Key features of WITNESS Miner include:
Discretisation
There are three automated discretisation methods in WITNESS Miner. There is also the ability to discretise data manually, which allows you you to create your own partitions and apply the same discretisation to both training and testing databases.
For example, a financial company might store the age of their clients in a database. When using this data in a mining exercise, the company might wish to band the ages so that they can use rules such as:
If AGE=BAND_1 where BAND_1 is between 20 and 30.
This is useful because you can't use numeric values to generate both conditions at the same time; you would need separate conditions such as age<30 or age>20.
Feature Subset Selection algorithms
These algorithms remove all the fields that are not highly predictive.
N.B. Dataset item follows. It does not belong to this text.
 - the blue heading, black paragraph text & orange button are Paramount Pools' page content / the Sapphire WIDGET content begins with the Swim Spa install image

This process can be useful for reducing the size of the database and discarding data that is not relevant to your investigation. Conversely, it can provide subsets of data that could be used in separate investigations.
There may be many hundreds of fields in a database that relate to customer profile information. Although you could use all of those fields in the mining algorithm, it is often better to use a reduced number of fields to improve the discovery algorithms' performance.
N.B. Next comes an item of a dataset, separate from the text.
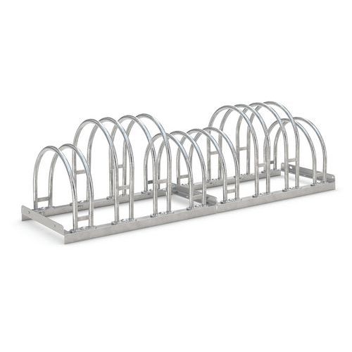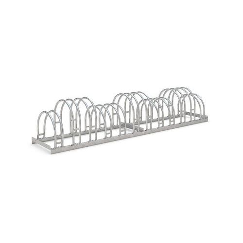 Conception robuste en acier protégé contre la corrosion avec des arceaux de stationnement en forme d'arc. Offre beaucoup de place dans un espace limité. S’utilise partout où les vélos doivent être garés rapidement : devant les magasins, les cabinets, etc. Les ancrages au sol et les supports de montage sont vendus séparément.

For example, you could use Feature Subset Selection to find the best 100 fields from a database of 500, then allow the discovery algorithm to identify which of those 100 fields would be useful in a rule.
Rules
Rule induction (using modern heuristic techniques) arrives at a solution through the evaluation of past experience. This is useful in several ways:
It allows you to target a class of interest ("nugget discovery") as opposed to building rules for all classes. This approach is particularly useful for describing rare events such as responses to mailing lists. The algorithm can focus on describing the group of people who responded (typically fewer than 5%) rather than on the 95% who did not respond.
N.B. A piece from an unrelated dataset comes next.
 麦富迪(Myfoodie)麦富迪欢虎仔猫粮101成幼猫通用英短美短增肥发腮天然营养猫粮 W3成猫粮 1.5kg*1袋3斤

It controls the complexity of the rules generated by limiting the number of conditions.
It introduces a bias towards accurate rules (for critical decisions) or rules that favour coverage.
Handling missing values
All algorithms have been written so that they deal with missing values. This means that you don't have to worry about discarding data or estimating missing values. In some cases, missing values might exist in many fields; discarding affected fields and records would leave very little information in the database. Equally, estimating many values could add potentially dangerous an incorrect information to the database.
A wide variety of standard data processing tools.
WITNESS Miner includes basic, frequently-used data processing tools, which reduce the need to keep returning to the database.
Unique algorithms
The main unique (or novel) algorithm is the simulated annealing approach to rule discovery. Although the Feature Selection is an algorithm that is widely used, WITNESS Miner uses it in a unique way.
Customisable HTML reports
You can save WITNESS Miner reports in HTML format and customise them, ready for printing or adding to your intranet.
Exporting rules and decision tree models to XML
You can exploit the knowledge that you have gained from the data by exporting rules and decision tree models to a standard XML format. You can then use the exported models in external applications.
User-friendly interface
WITNESS Miner is easy to use and you can view processes very clearly because streams are represented graphically, as well as in the project tree. All the commonly-used commands are available by clicking on buttons on toolbars.